(Given records)

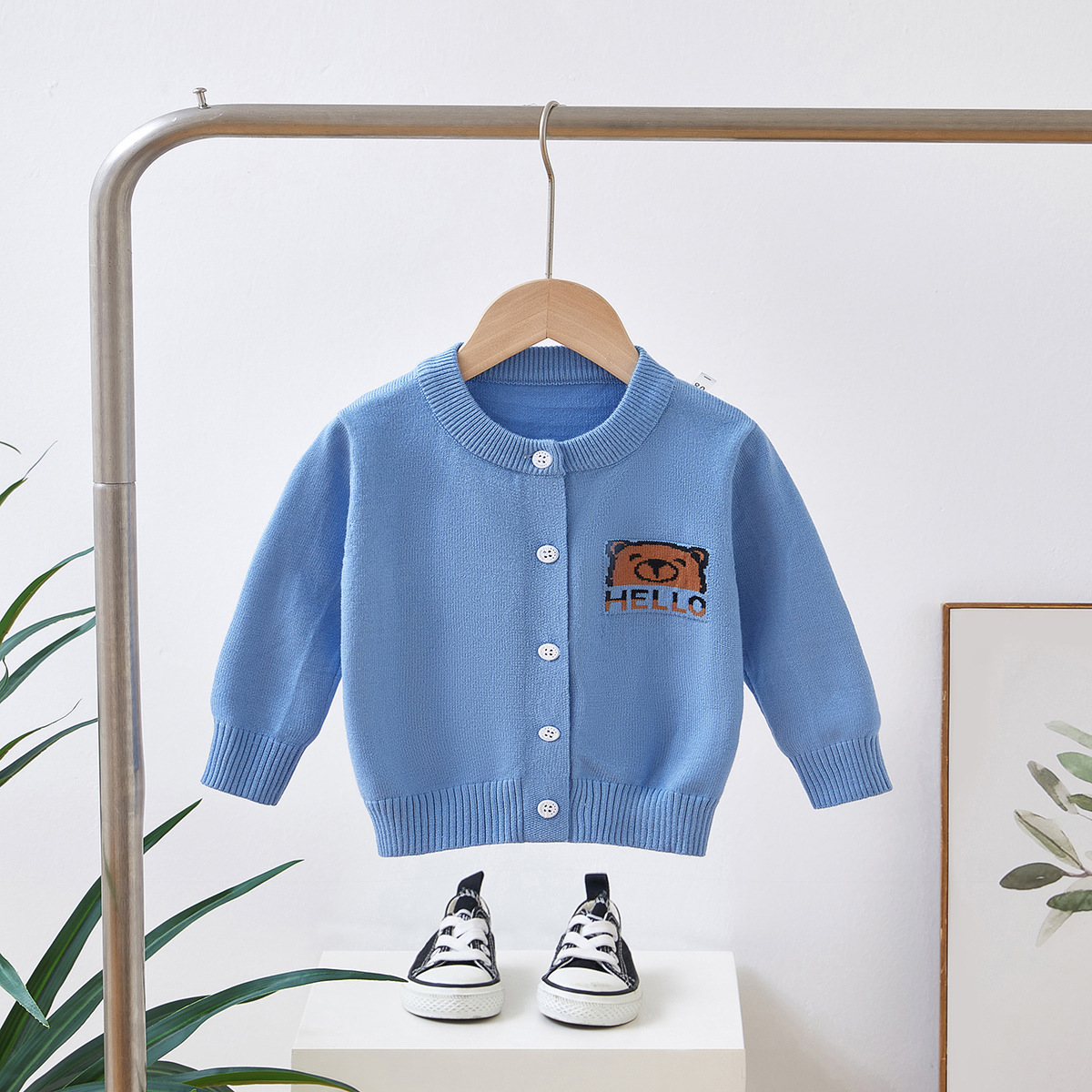 2025년 신상 아동복 스웨터 봄 유아용 라운드 넥 솔리드 컬러 재킷 소녀 면 니트 가디건을 생방송으로 제공합니다.스토어 가기
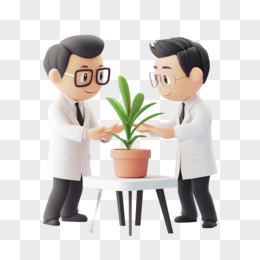 3D插画两个穿白大褂的生物学家在观察一株植物免抠元素
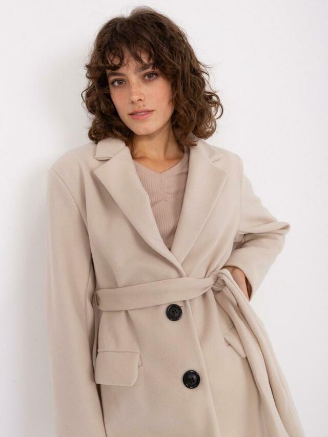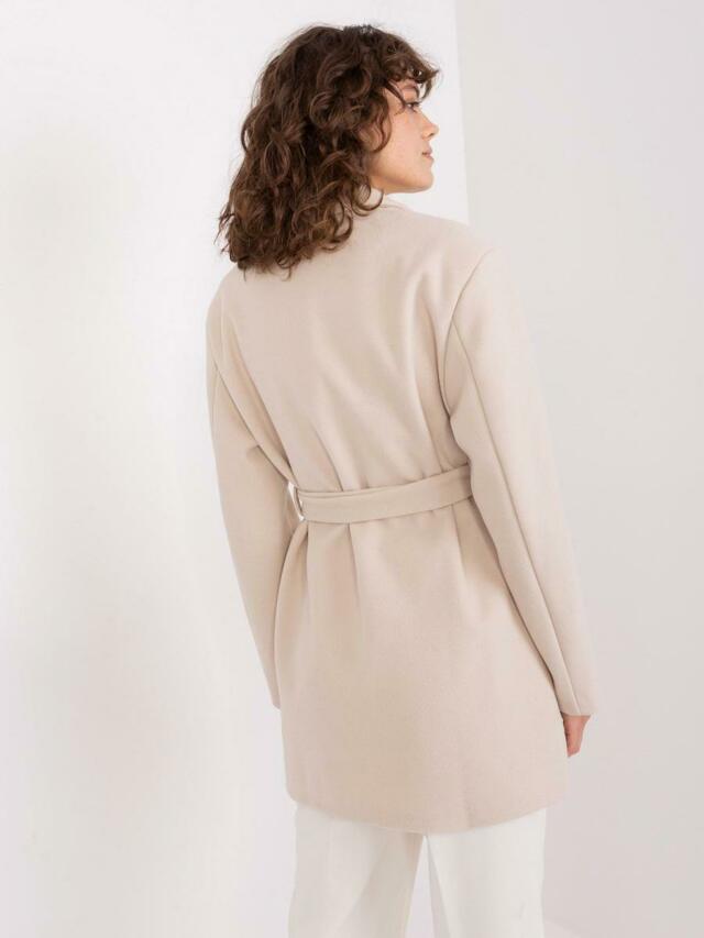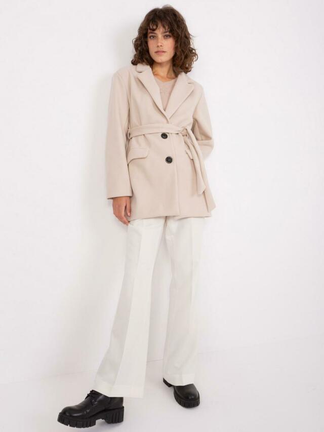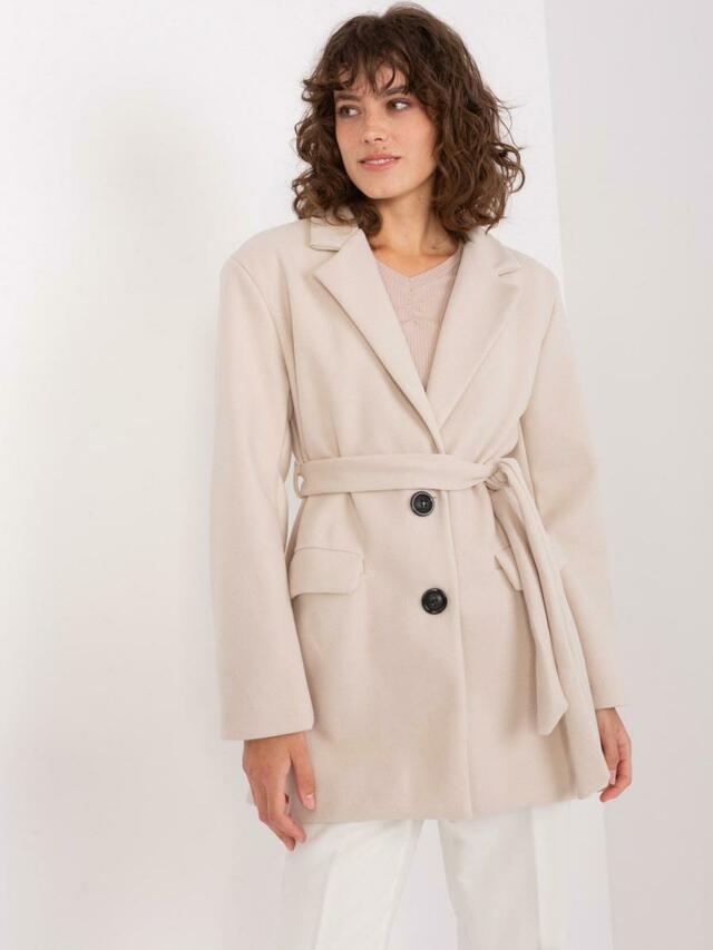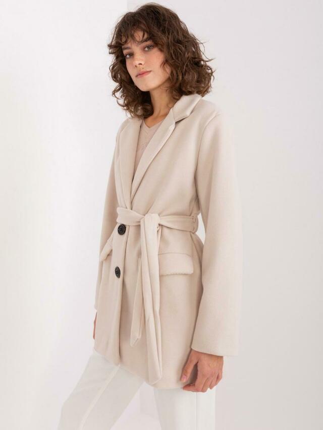 Světle béžový přechodný krátký kabát s páskem a s podšívkou
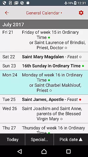 Universalis stands out with its extensive features tailored for Catholic devotion. The app provides feasts and celebrations from multiple local calendars alongside the General Calendar, ensuring relevance across different regions.
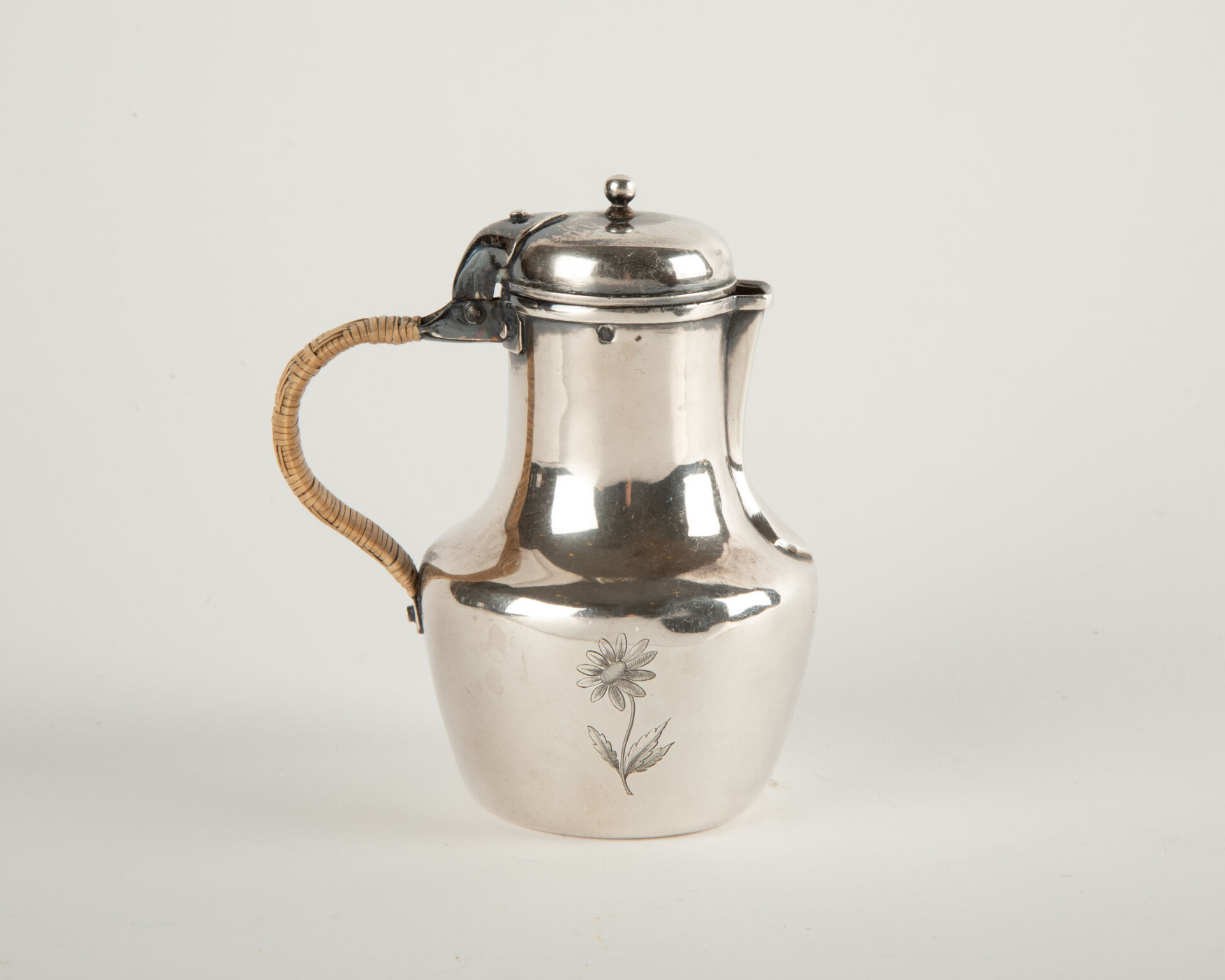 Verseuse égoïste en argent à prise en osier tressé, à décor gravé d'une fleur Chocs H : 10 cm Poids Brut : 103 g.
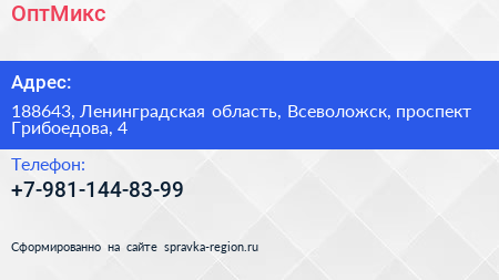 ОптМикс по адресу 188643, Ленинградская область, Всеволожск, проспект Грибоедова, 4 в дальнейшем Организация, размещена в следующих категориях:
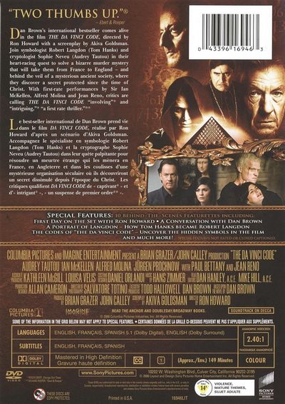 Dan Brown's international bestseller comes alive in the film 'THE DA VINCI CODE', directed by Ron Howard with a screenplay by Akiva Goldsman. Join symbologist Robert Langdon (Academy Award® Winner Tom Hanks, 1993 Best Actor, 'Philadelphia', and 1994 Best Actor, 'Forrest Gump') and cryptologist Sophie Neveu (Audrey Tautou) in their heart-racing quest to solve a bizarre murder mystery that will take them from France to England - and behind the veil of a mysterious ancient society, where they discover a secret protected since the time of Christ. With first-rate performances by Sir Ian McKellen, Alfred Molina and Jean Reno, critics are calling 'THE DA VINCI CODE' "involving" and "intriguing," "a first rate thriller."Le best-seller international de Dan Brown prend vie dans le film DA VINCI CODE, realise par Ron Howard d;apres un scenario d'Akiva Goldsman. Accompagnez le specialiste en symbologie Robert Langdon (Tom Hanks) et la cryptographe Sophie Neveu (Audrey Tautou) dans leur quete palpitante pour resoudre un meurtre etrange qui les menera en France, en Angleterre et dans les coulisses d'une mysterieuse organisation seculaire ou ils decouvriront un secret dissimule depuis l'epoque du Christ. Les critiques qualifient DA VINCI CODE de "captivant" et d'intrigant, un suspense de premier ordre.
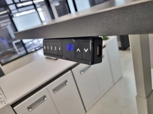 Panel sterujący biurka pozwala na regulację wysokości w zakresie 625-1275 mm. Bezpieczeństwo podczas regulacji wysokości zapewnia specjalny system antykolizyjny, który zatrzyma ruch blatu gdy napotka przeszkodę.
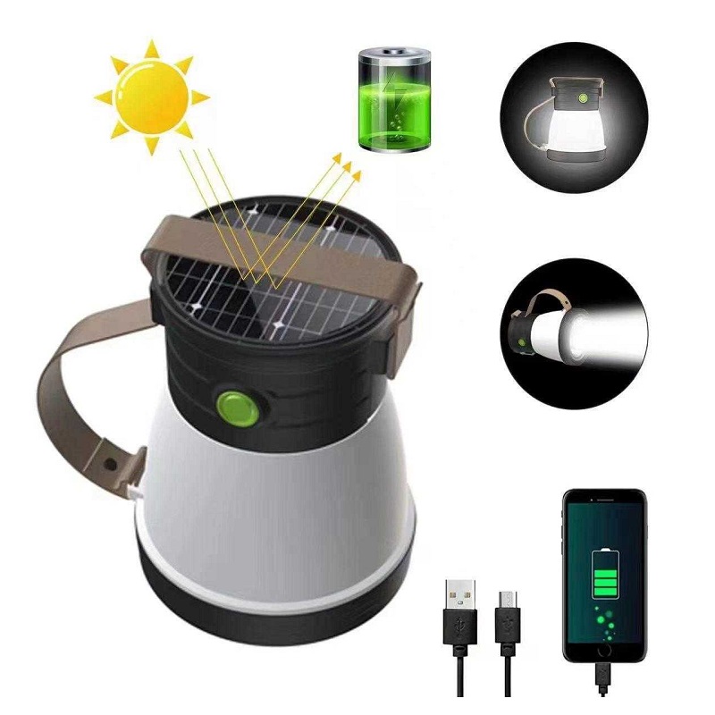 Επαναφορτιζόμενος φακός/φαναράκι LED με ηλιακό πάνελ στο επάνω μέρος για έξτρα αυτονομία μπαταρίας. Λειτουργεί ως φακός χάρη στο μπροστινό ισχυρό φακό led που διαθέτει ενώ λειτουργεί παράλληλα και ως φαναράκι χάρη στον περιμετρικό φωτισμό led. Ιδανικό για το camping και κάθε εξωτερική δραστηριότητα.Αυτονομία μπαταρίας: έως 4 ώρες Με λουράκι/χειρολαβή μεταφοράς. Το καλώδιο φόρτισης περιλαμβάνεται.
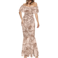 Hawaii Father's Day Vintage Lei Mermaid Dress Hauoli la Makuakane - Beige LT7
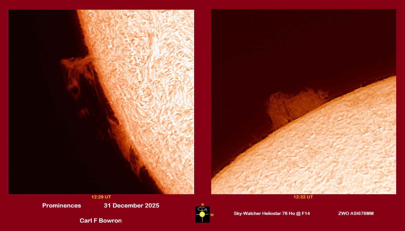 Observation by Carl Bowron: SUN 20251231 1229-1232UT PROM HALPHA CFB
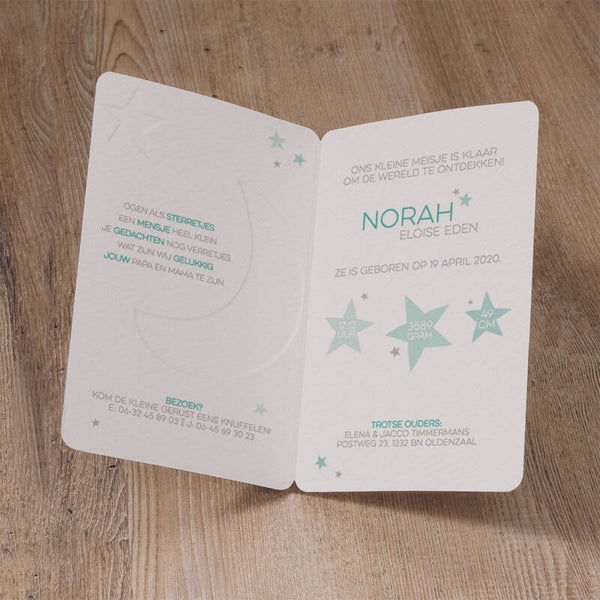 Dit kaartje op structuurpapier met reliëf en gouden sterretjes vertelt in een oogopslag hoe gelukkig jullie zijn met dit kleine wondertje.

(End Given records)

Reproduce exactly the lines of the entries above from the first through the line with "ОптМикс по адресу", both included; pictures should not be reproduced.

 2025년 신상 아동복 스웨터 봄 유아용 라운드 넥 솔리드 컬러 재킷 소녀 면 니트 가디건을 생방송으로 제공합니다.스토어 가기
 3D插画两个穿白大褂的生物学家在观察一株植物免抠元素
 Světle béžový přechodný krátký kabát s páskem a s podšívkou
 Universalis stands out with its extensive features tailored for Catholic devotion. The app provides feasts and celebrations from multiple local calendars alongside the General Calendar, ensuring relevance across different regions.
 Verseuse égoïste en argent à prise en osier tressé, à décor gravé d'une fleur Chocs H : 10 cm Poids Brut : 103 g.
 ОптМикс по адресу 188643, Ленинградская область, Всеволожск, проспект Грибоедова, 4 в дальнейшем Организация, размещена в следующих категориях:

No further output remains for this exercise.